Hip Hop Could be the Beat in Beating Mental Illness

In recent years, Hip Hop has become more about misogynistic lyrics, materialism, violence and crime. However, there’s still Hip Hop that stays true to conscience, positive lyrics that the music was built on. And it’s those positive lyrics that could be the key in beating mental illness.

To quote Jay-Z,

 

I think that hip-hop has done more for racial relations than most cultural icons. Save Martin Luther King, because his dream speech we realized when President Obama got elected.

[Hip-hop] music didn’t only influence kids from urban areas. People listen to this music all around the world, and [they] took to this music.

Once you have people partying, dancing and singing along to the same music, then conversations naturally happen after that.

We all realize that we’re more alike than we’re separate.

 

A study done at Cambridge University saw Hip Hop is effective in combating depression, bipolar disorder and addiction. The study was done by two scientists in the U.K.

“I’ve been listening to hip-hop since its inception,” says consultant psychiatrist Dr Akeem Sule, from  South Essex Partnership NHS Trust and does tutoring at Cambridge University’s department of psychiatry.

“I wanted to be a rapper, but my parents wanted me to do psychiatry. I’m from Nigeria. You did what your parents said.”

“Hip Hop Psych is opening up a new culture which branches across medicine and hip-hop with amazing responses,” revealed Sule’s partner, neuroscientist Dr Becky Inkster from Cambridge University. Just like her colleague, Inkster has also been a life-long fan of Hip Hop music.

“I’ve always been a huge fan of hip-hop, I didn’t even live in a community where it was popular.

“My first album was Basement Flavor featuring MC Lyte.”

The duo teamed up with rapper J Cole to get people with mental health problems to open up. Cole has been pat of online magazine, Soul Culture’s  #OKNotToBeOK campaign.

“When you listen to the album you’ll notice how it flows from darkness to light, from hell to heaven, depression to happiness,” J Cole said ahead of the release of his second album Born Sinner in June 2013.

“It literally was a way out… I’m writing my way out of a negative place, a darker place.”

Dr. Sule found:

Much of hip-hop comes from areas of great socioeconomic deprivation, so it’s inevitable that its lyrics will reflect the issues faced by people brought up in these areas, including poverty, marginalization, crime and drugs.

We can see in the lyrics many of the key risk factors for mental illness, from which it can be difficult to escape.

Hip-hop artists use their skills and talents not only to describe the world they see, but also as a means of breaking free.

We believe that hip-hop, with its rich, visual narrative style, can be used to make therapies that are more effective for specific populations and can help patients with depression to create more positive images of themselves, their situations and their future.

Maybe the most known example would be the classic lyrics to the late Notorious B.I.G’s staple hit, Juicy. The track is about how he rose from deprivation on the scandalous streets of Brooklyn to the covers of magazines, and a life of affluence. The song is about making it against impossible odds.

We could also site Jay-Z’s On to the Next One and  Kendrick Lamar i. There’s so many more.

Speaking of Lamar, the singer penned i as form of encouragement and inspiration for prison inmates and suicidal teenagers.

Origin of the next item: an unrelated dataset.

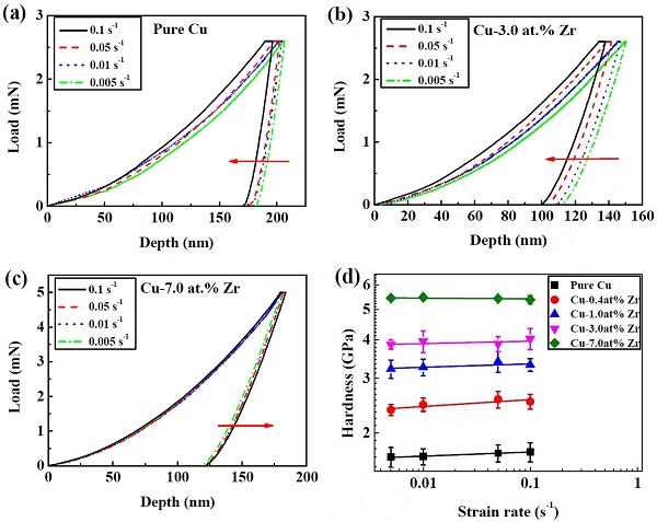 (a-c)分别为纯Cu、Cu-3.0 at.% Zr和Cu-7.0 at.% Zr薄膜的载荷-深度曲线。图中箭头方向表示应变速率逐渐增大;

“I wrote a record for the homies that’s in the penitentiary right now”, Lamar revealed to New York radio station, Hot 97.  “and I also wrote a record for these kids that come up to my shows with these slashes on they wrists, saying they don’t want to live no more.”

Political minded rapper, Killer Mike put it simply,  “The kids spending hours per day writing rap songs aren’t a threat to society; they are often trying to escape the threats from society.”